Federal Reserve VS S&P 500

I do not seek in any way to please you with my analyses. On the contrary, my intention always points to a rational, behavioral and psychological control based on facts and data widely disseminated by reputable institutions focused on the financial sector.

In this way, by exercising your now rationalized mind, you can maintain an adequate emotional balance when faced with alarming news and massive unilateral behavior.


Major seasonal movements observed in the S&P 500 are formed – intentionally or not – by tightening or loosening of the American monetary base. Above, we identify the moments in which the Federal Reserve causes in the markets: lengthening or retracting the general indices.

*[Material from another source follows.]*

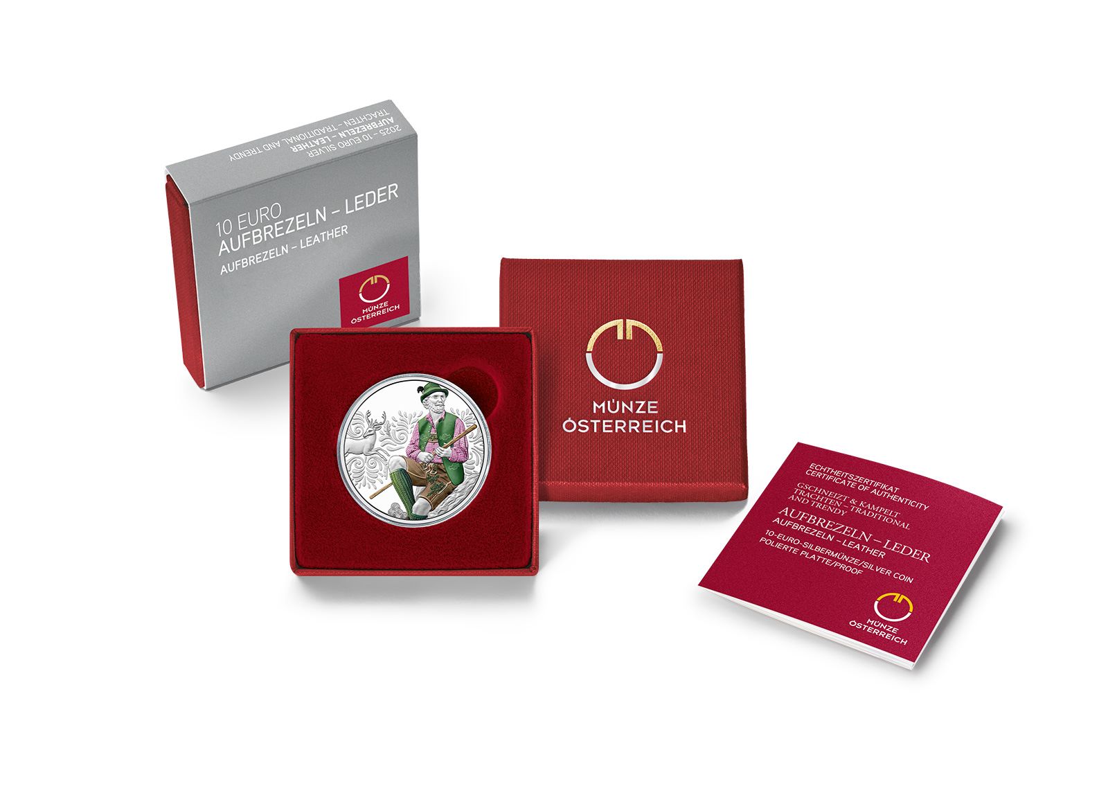Die zweite Ausgabe der Serie „gschneizt & kampelt“ widmet sich dem traditionsreichen Ledergewand – einem Symbol österreichischer Trachtenkultur. Die 10-Euro-Silbermünze in der Prägequalität Platte Poliert überzeugt durch feine Details und hochwertige Verarbeitung. Ein Muss für Sammler und Liebhaber österreichischer Volkskultur.

Every time there was a monetary “tightening”, followed by an increase, even if insignificant, in interest rates, the S&P 500 had a negative trend in the stock flow.

However, the opposite movement – positive – is also clearly noticed when the same Central Bank (FED) loosened its monetary base. Right now, despite the words to the contrary from FED members: that they will start with the taper in 2022 [currency tightening] followed by the rate hike. The Federal Reserve is still printing money and buying assets in the financial markets, literally, as shown below.

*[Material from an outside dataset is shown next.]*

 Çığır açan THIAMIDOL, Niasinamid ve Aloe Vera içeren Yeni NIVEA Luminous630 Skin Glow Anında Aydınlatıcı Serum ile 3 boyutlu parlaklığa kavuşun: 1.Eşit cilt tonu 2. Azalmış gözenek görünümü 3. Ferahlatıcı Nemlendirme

The image clearly demonstrates the consequences absorbed by the S&P 500 – and also in other markets – when the Federal Reserve maintains its monetary easing. The Black Line indicates just that, while the Blue Line depicts the S&P 500 index since 2008.

When the FED rises (Black Line), its illusory monetary creationism, whether for “debt suppression” or As assets rise, the S&P index maintains a steady and genuine rally. However, by just maintaining, or decreasing, its currency balances, the S&P 500 tends to retract sharply. It’s not magic! It is monetary creationism.


Therefore, despite the see-saw effect that the FED maintains on markets, the sectoral composition also absurdly influences the behavior of individuals operating in these same markets: creating momentary and permanent bubbles in determinants broadly media sectors.

Look at the image above and note that in periods of financial bubbles, some sector was always extremely overvalued.

  • In 1980 the energy boom was created: those who did not have energy assets were considered crazy, or even stupid!
  • In 2000, the sector technology was absolutely unanimous among the media, and consequently, among investors.
  • Already in 2008, the financial and real estate boom was clearly noticed by a few investors.
  • And here we are, in 2022, reviving the tech bubble once again. Now, however, with an aggravating factor: cryptoassets (I like to call it crypto-wind, because they are worthless), MetaVerse, and parallel markets. That is, everything that is composed of the words NFT or Bit, are traded at absurd prices.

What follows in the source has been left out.